━━━ RECORDS PROVIDED ━━━

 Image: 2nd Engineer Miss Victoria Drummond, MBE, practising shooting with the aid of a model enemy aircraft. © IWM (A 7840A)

━━━
━━━ RECORDS PROVIDED ━━━

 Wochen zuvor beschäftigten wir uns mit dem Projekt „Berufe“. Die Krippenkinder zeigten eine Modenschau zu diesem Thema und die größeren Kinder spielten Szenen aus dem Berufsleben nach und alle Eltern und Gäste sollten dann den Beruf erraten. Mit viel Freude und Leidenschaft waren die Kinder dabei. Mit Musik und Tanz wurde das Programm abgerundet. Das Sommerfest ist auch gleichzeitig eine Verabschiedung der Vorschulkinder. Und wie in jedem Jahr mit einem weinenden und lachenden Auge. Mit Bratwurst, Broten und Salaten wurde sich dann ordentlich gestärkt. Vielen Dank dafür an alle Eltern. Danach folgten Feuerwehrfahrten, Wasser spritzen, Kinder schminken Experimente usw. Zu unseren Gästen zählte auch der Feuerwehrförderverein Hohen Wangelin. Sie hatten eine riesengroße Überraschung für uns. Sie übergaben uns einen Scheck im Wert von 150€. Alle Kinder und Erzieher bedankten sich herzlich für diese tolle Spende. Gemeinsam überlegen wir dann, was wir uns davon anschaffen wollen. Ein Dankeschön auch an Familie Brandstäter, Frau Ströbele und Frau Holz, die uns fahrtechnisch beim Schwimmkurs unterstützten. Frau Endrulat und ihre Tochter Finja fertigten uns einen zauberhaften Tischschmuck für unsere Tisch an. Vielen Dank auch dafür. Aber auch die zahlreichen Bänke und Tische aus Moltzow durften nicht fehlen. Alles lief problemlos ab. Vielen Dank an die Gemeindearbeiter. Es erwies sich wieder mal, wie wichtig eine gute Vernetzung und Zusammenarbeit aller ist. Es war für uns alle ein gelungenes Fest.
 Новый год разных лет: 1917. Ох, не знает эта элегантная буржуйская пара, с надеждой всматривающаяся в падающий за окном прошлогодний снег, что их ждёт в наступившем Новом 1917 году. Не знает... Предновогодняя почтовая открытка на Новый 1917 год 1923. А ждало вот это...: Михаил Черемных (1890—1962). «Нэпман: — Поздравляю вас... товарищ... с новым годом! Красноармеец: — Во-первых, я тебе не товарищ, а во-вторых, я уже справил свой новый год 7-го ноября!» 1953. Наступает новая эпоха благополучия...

━━━
━━━ RECORDS PROVIDED ━━━

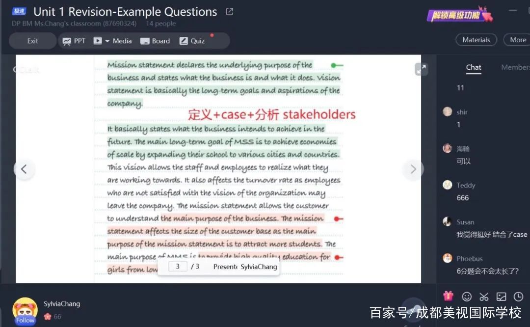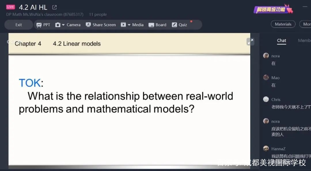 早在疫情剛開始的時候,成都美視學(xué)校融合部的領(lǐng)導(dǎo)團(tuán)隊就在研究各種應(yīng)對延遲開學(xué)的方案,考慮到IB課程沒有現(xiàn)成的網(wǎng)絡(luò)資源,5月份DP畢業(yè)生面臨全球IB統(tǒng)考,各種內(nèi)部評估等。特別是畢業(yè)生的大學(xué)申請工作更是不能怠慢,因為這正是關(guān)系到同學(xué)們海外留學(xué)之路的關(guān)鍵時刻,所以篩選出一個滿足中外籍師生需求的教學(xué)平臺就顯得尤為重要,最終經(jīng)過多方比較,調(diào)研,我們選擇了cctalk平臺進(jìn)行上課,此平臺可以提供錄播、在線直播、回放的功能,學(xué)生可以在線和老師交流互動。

━━━

### PROBLEM STATEMENT
Print the lines above from the one with "Wochen zuvor beschäftigten" through the one with "Новый год разных", both included, exactly as written and nothing more.

### RESULT FOR THIS TASK
 Wochen zuvor beschäftigten wir uns mit dem Projekt „Berufe“. Die Krippenkinder zeigten eine Modenschau zu diesem Thema und die größeren Kinder spielten Szenen aus dem Berufsleben nach und alle Eltern und Gäste sollten dann den Beruf erraten. Mit viel Freude und Leidenschaft waren die Kinder dabei. Mit Musik und Tanz wurde das Programm abgerundet. Das Sommerfest ist auch gleichzeitig eine Verabschiedung der Vorschulkinder. Und wie in jedem Jahr mit einem weinenden und lachenden Auge. Mit Bratwurst, Broten und Salaten wurde sich dann ordentlich gestärkt. Vielen Dank dafür an alle Eltern. Danach folgten Feuerwehrfahrten, Wasser spritzen, Kinder schminken Experimente usw. Zu unseren Gästen zählte auch der Feuerwehrförderverein Hohen Wangelin. Sie hatten eine riesengroße Überraschung für uns. Sie übergaben uns einen Scheck im Wert von 150€. Alle Kinder und Erzieher bedankten sich herzlich für diese tolle Spende. Gemeinsam überlegen wir dann, was wir uns davon anschaffen wollen. Ein Dankeschön auch an Familie Brandstäter, Frau Ströbele und Frau Holz, die uns fahrtechnisch beim Schwimmkurs unterstützten. Frau Endrulat und ihre Tochter Finja fertigten uns einen zauberhaften Tischschmuck für unsere Tisch an. Vielen Dank auch dafür. Aber auch die zahlreichen Bänke und Tische aus Moltzow durften nicht fehlen. Alles lief problemlos ab. Vielen Dank an die Gemeindearbeiter. Es erwies sich wieder mal, wie wichtig eine gute Vernetzung und Zusammenarbeit aller ist. Es war für uns alle ein gelungenes Fest.
 Новый год разных лет: 1917. Ох, не знает эта элегантная буржуйская пара, с надеждой всматривающаяся в падающий за окном прошлогодний снег, что их ждёт в наступившем Новом 1917 году. Не знает... Предновогодняя почтовая открытка на Новый 1917 год 1923. А ждало вот это...: Михаил Черемных (1890—1962). «Нэпман: — Поздравляю вас... товарищ... с новым годом! Красноармеец: — Во-первых, я тебе не товарищ, а во-вторых, я уже справил свой новый год 7-го ноября!» 1953. Наступает новая эпоха благополучия...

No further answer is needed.